For more ideas, check out this thread in General.


----------



## oblivion8 (Jun 17, 2009)

lol my broodlord ganked a fortuned avatar by himself XD

but as for eldar, I dont know a lot first hand but a unit of harlequins might do the trick (i cant quite remeber abbadons initiative srry :S)
alternatively eldrad and a unit of warlocks should tie him up for a long while, as long as they stayed fotuned of course (maybe doom the squad or something as well). 
hope it works out for you!


----------



## Oni Chikara (Oct 22, 2009)

All excellent points. I'll just have to keep trying.


----------



## Ijustmadethisup4 (Apr 7, 2009)

Katie Drake said:


> Alternatively, make sure your Troops have transports so you can fly away when Abaddon gets close.
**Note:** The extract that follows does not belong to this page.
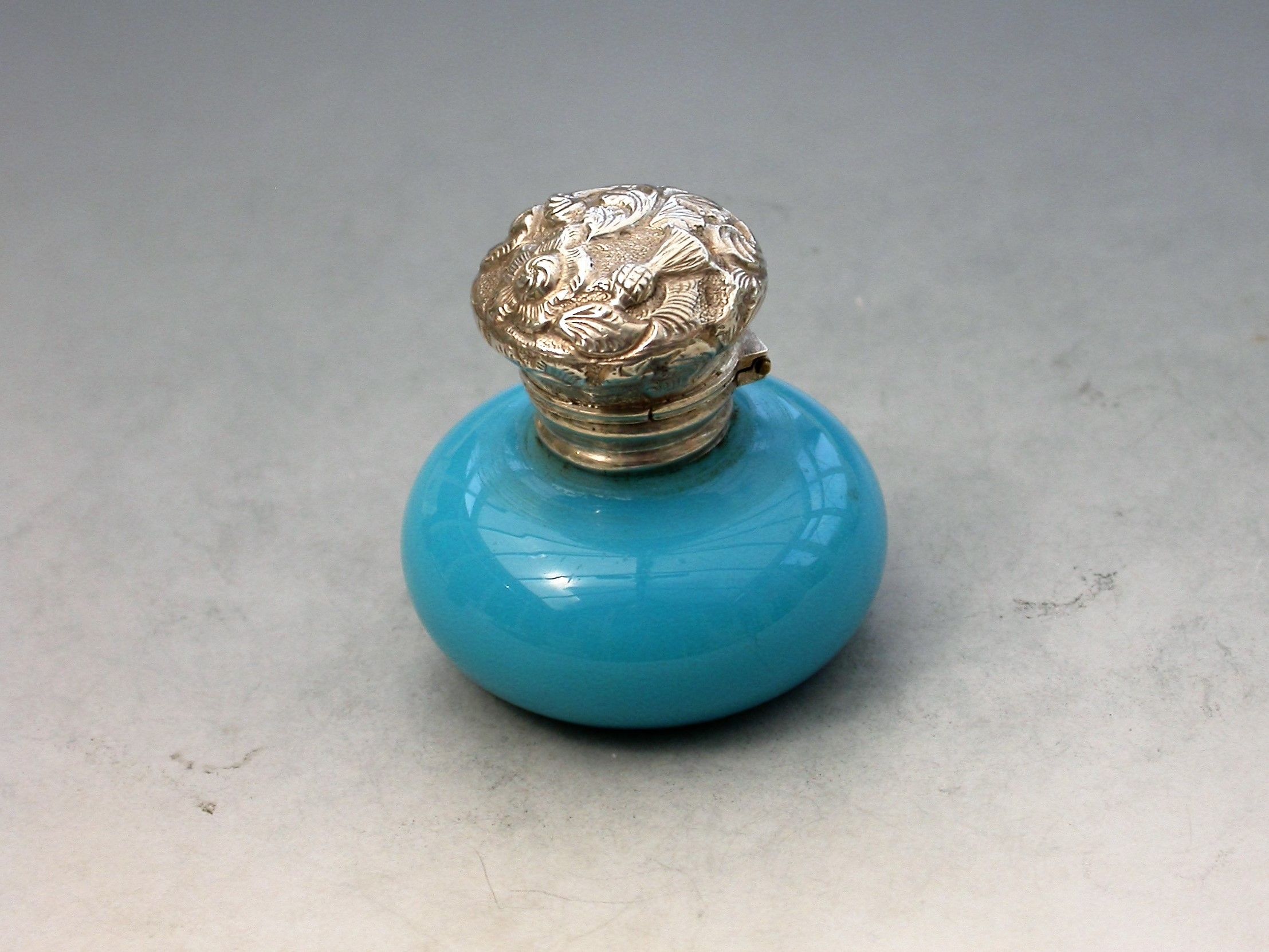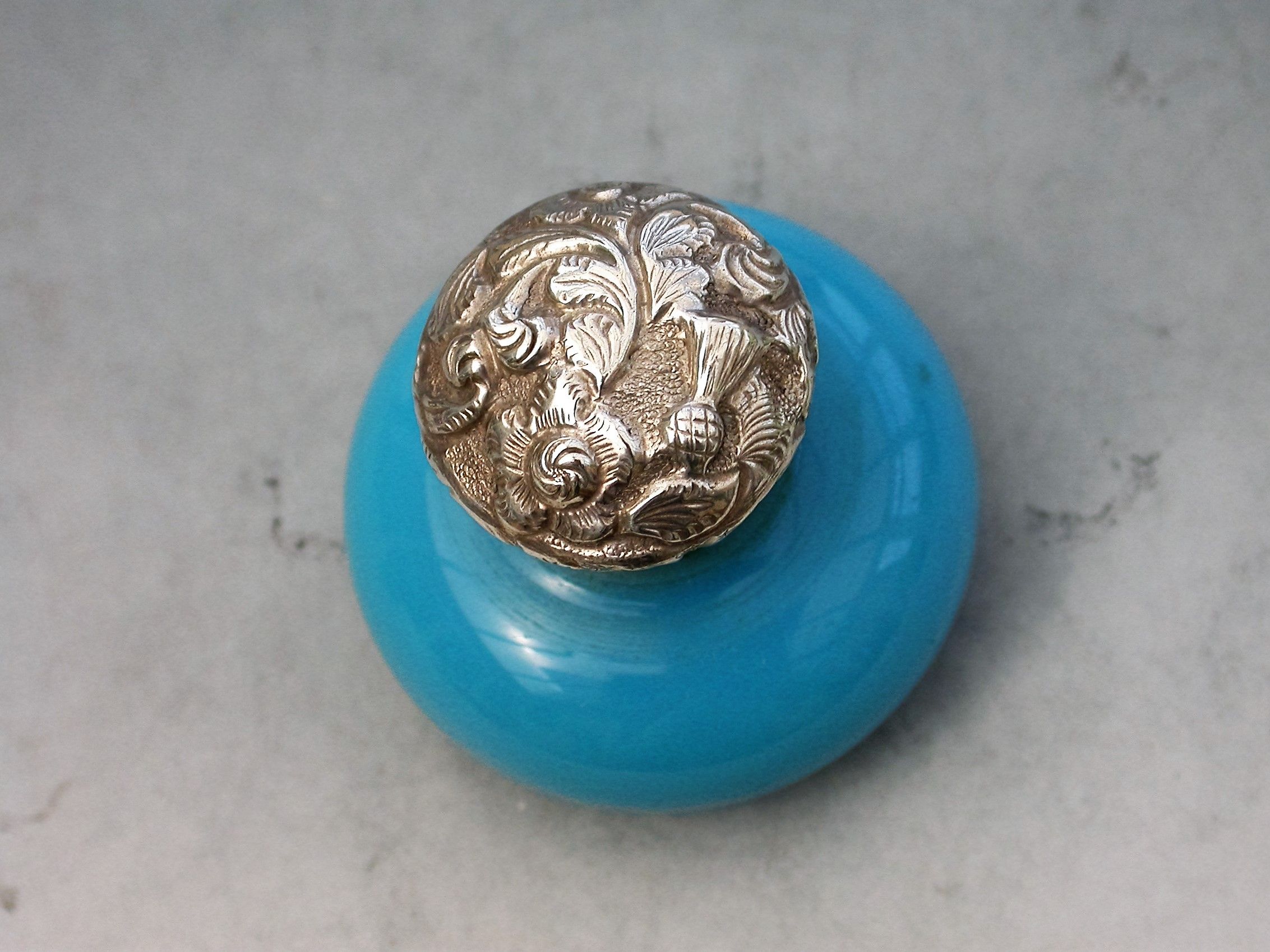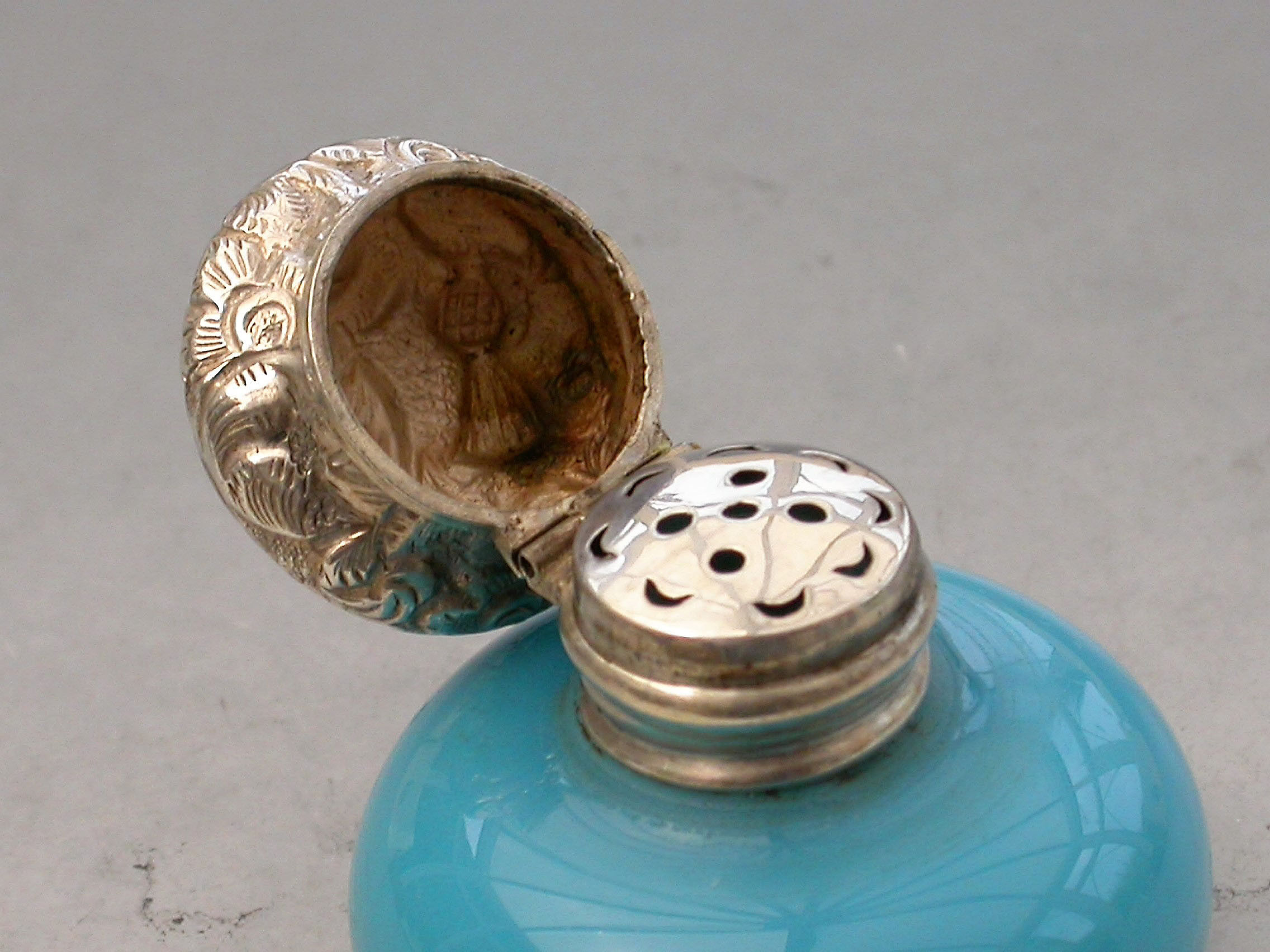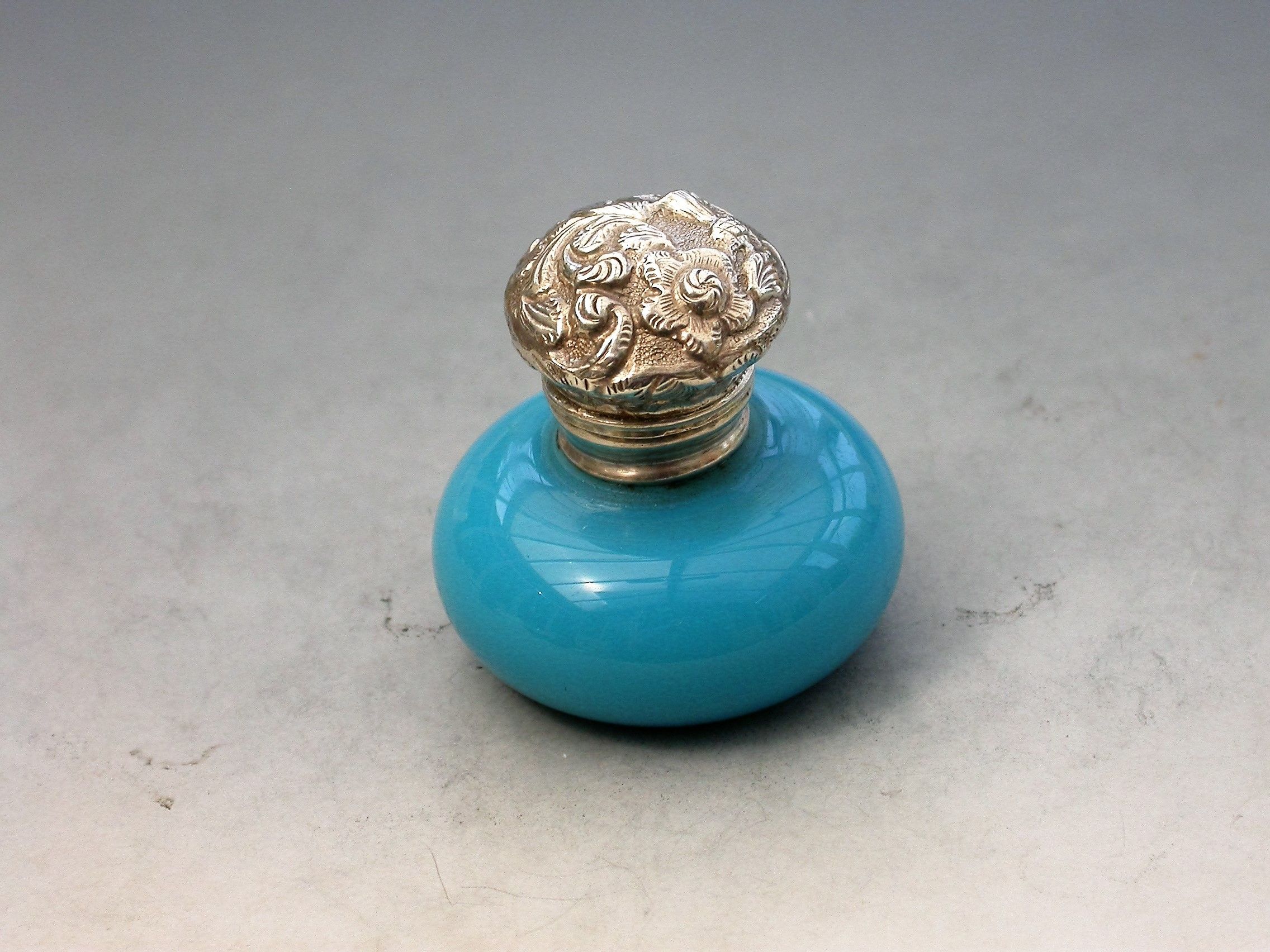 A Victorian silver mounted opaque turquoise glass Vinaigrette / Scent Bottle, the silver top chased with flowers and scrolls hinges open to reveal a pierced grille.

It's really quite funny to have a nearly 300 point monster unable to do anything but fire his twin-linked bolter in frustration while he waddles after his enemies.


Lol, couldnt have said it better myself!


----------



## Khorothis (May 12, 2009)

Wow. I keep seeing these threads how scary Abaddon is and whatnot... and as a CSM player I never even think of using the guy, hes so ridiculously expensive for what he does... makes me wonder if you guys get to play with good CSM players at all. Or its just me hating him for no reason at all, I wonder? I mean if he rolls a 1 on his DW hes fucked for that turn. Kharn is much more fun and I'll risk it and say hes even more competitive. But since people keep saying hes so great I'll give Failabaddon a chance.


----------



## Cruor99 (Mar 11, 2009)

What the previous posters have said is pretty much it. Outrun him. He is a massive point sink, and if you just kite away from him and focus on his troop choices (which won't be that many, seing as he affords Abaddon. Probably with a terminator retinue, as well.) 

If you play around 1500, he is a fool to bring Abaddon. At 1750? Fluffy, at best. In my honest opinion, at least.


----------